Deputy to the Congress of Mexico City from Azcapotzalco
- In office 17 September 2018 – 24 March 2019

Deputy to the Congress of the Union from Mexico City's 3rd district (Azcapotzalco)
- In office 29 August 2015 – 31 August 2018

Personal details
- Born: Virgilio Dante Caballero Pedraza 24 February 1942 Tampico, Tamaulipas, Mexico
- Died: 25 March 2019 (aged 77) Mexico City, Mexico
- Party: MORENA
- Occupation: Politician, journalist

= Virgilio Caballero Pedraza =

Mexican journalist and federal deputy

Virgilio Dante Caballero Pedraza (24 February 1942 – 25 March 2019) was a Mexican journalist, media researcher and politician. He served as a federal deputy from 2015 to 2018 in the 63rd Congress and as a deputy to the Congress of Mexico City, in addition to having enjoyed a long career in media.

==Early life and career==

Caballero was born in Tampico, Tamaulipas, into a family of 11 children, moving to Mexico City at a young age and was a normal school teacher who also studied anthropology. However, he first fell in love with radio at the age of seven, when he participated in a kids' radio program at XEB, a station known as "La B Grande de México". As a professor of communications, he was instrumental in establishing the communications program at the Universidad Autónoma Metropolitana Cuajimalpa campus.
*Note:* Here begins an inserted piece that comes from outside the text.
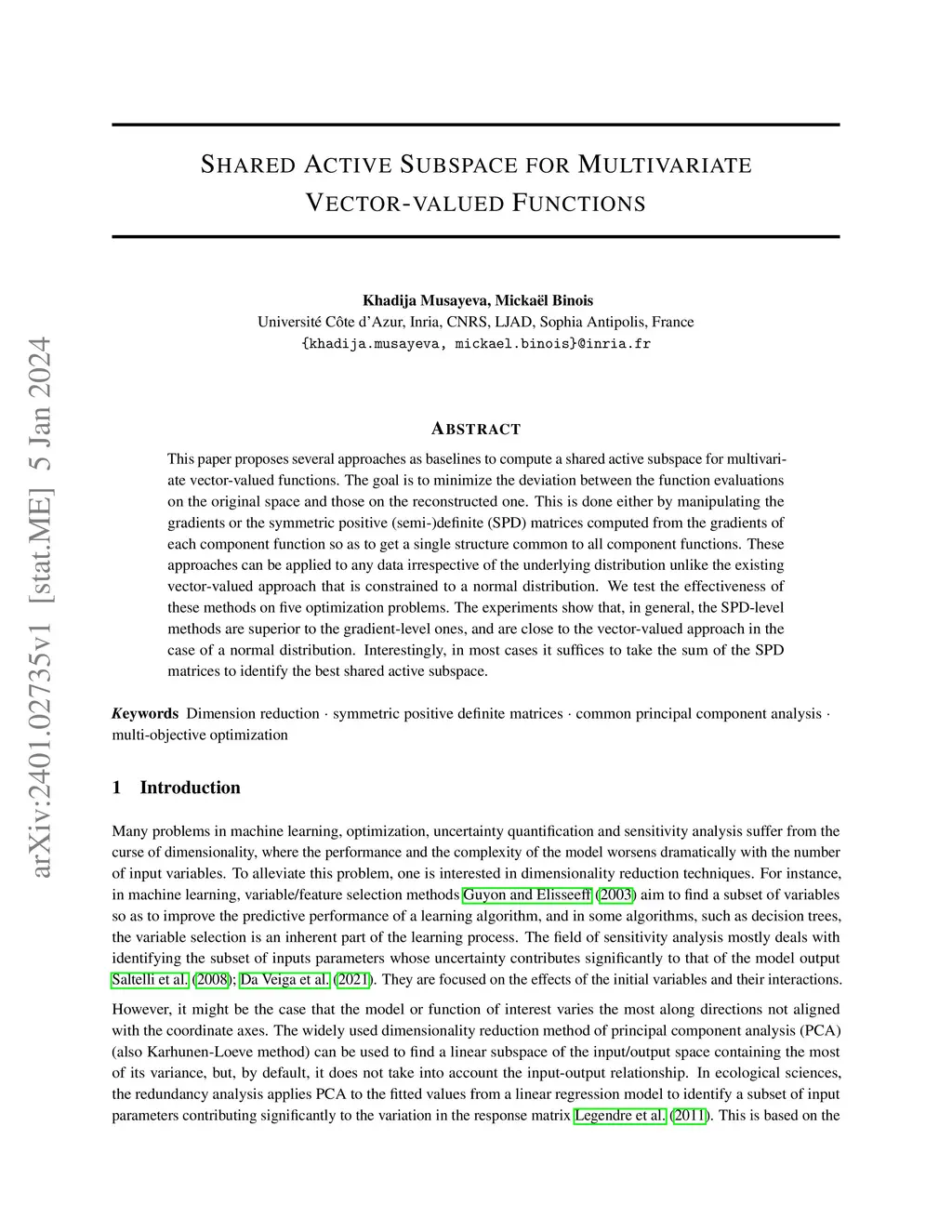 This paper proposes several approaches as baselines to compute a shared active subspace for multivariate vector-valued functions. The goal is to minimize the deviation between the function evaluations on the original space and those on the reconstructed one. This is done either by manipulating the gradients or the symmetric positive (semi-)definite (SPD) matrices computed from the gradients of each component function so as to get a single structure common to all component functions. These approaches can be applied to any data irrespective of the underlying distribution unlike the existing vector-valued approach that is constrained to a normal distribution. We test the effectiveness of these methods on five optimization problems. The experiments show that, in general, the SPD-level methods are superior to the gradient-level ones, and are close to the vector-valued approach in the case of a normal distribution. Interestingly, in most cases it suffices to take the sum of the SPD matrices to identify the best shared active subspace.

In 1977, Caballero began hosting a show on Canal Once and was eventually named the channel's director of news, the first in a series of public media leadership posts that Caballero would hold. In 1981, he was tapped to head Canal 13, at the time state-owned, leaving soon after to help establish and lead state broadcast systems in Sonora (1982–1984), Quintana Roo (1983–1988), and Oaxaca (1988–1992).
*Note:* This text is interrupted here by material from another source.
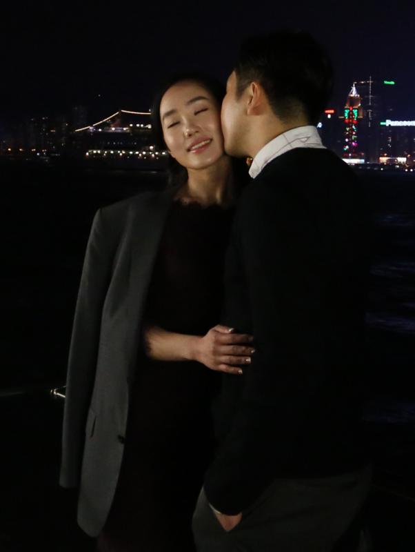 圖:尖沙咀綵燈會一隅,男子輕吻女友/大公報記者何嘉駿攝

After a pair of two-year stints in the press offices of the Secretariat of Tourism and National Savings Bonds, Caballero returned to television in 1996, hosting the successful series Realidades for CNI Canal 40. In 1999, he became the first director of the new Canal del Congreso, a tenure that would make him a lightning rod for controversy. The head of the Chamber of Deputies, Beatriz Paredes Rangel, opted to remove Caballero from the post in 2002 after a series of controversial decisions, including covering demonstrations by striking teachers, placing former students of his in high-paying positions, and staging three straight hours of coverage of an EZLN event. Caballero remained active in journalism and communications, founding the Mexican Association for the Right to Information (AMEDI) in 2001 and hosting a program on TV UNAM from 2012 to 2014. In 2014, he was honored by the Universidad de Guadalajara with the Fernando Benítez Cultural Journalism Award.
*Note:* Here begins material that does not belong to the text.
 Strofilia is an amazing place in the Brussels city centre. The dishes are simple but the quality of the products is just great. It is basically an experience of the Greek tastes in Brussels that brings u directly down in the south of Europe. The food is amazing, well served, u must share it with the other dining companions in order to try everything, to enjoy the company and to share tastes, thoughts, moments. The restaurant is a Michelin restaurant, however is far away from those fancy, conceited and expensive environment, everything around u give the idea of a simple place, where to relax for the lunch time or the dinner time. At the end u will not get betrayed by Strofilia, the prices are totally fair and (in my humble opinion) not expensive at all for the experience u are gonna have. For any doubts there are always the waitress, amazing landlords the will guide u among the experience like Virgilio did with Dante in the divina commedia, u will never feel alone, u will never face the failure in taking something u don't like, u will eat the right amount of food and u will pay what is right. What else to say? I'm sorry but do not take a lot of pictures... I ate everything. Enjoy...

===Federal and local legislator===

In 2014, Caballero became a founding member of the new National Regeneration Movement (MORENA) party. The next year, he was elected from Mexico City's third electoral district, in Azcapotzalco, to the Chamber of Deputies for the 63rd Congress. During his three years in San Lázaro, Caballero was a secretary on the Radio and Television Commission and also sat on the special commission set up to investigate the 2016 conflict in Nochixtlán, Oaxaca. While a legislator, Caballero's apartment was destroyed by the 2017 Mexico City earthquake.

After his three years in the federal legislature, Caballero successfully ran to represent a portion of Azcapotzalco in the Congress of Mexico City and became the spokesman for the MORENA caucus in the city legislature. After a brief illness, Caballero died on 25 March 2019.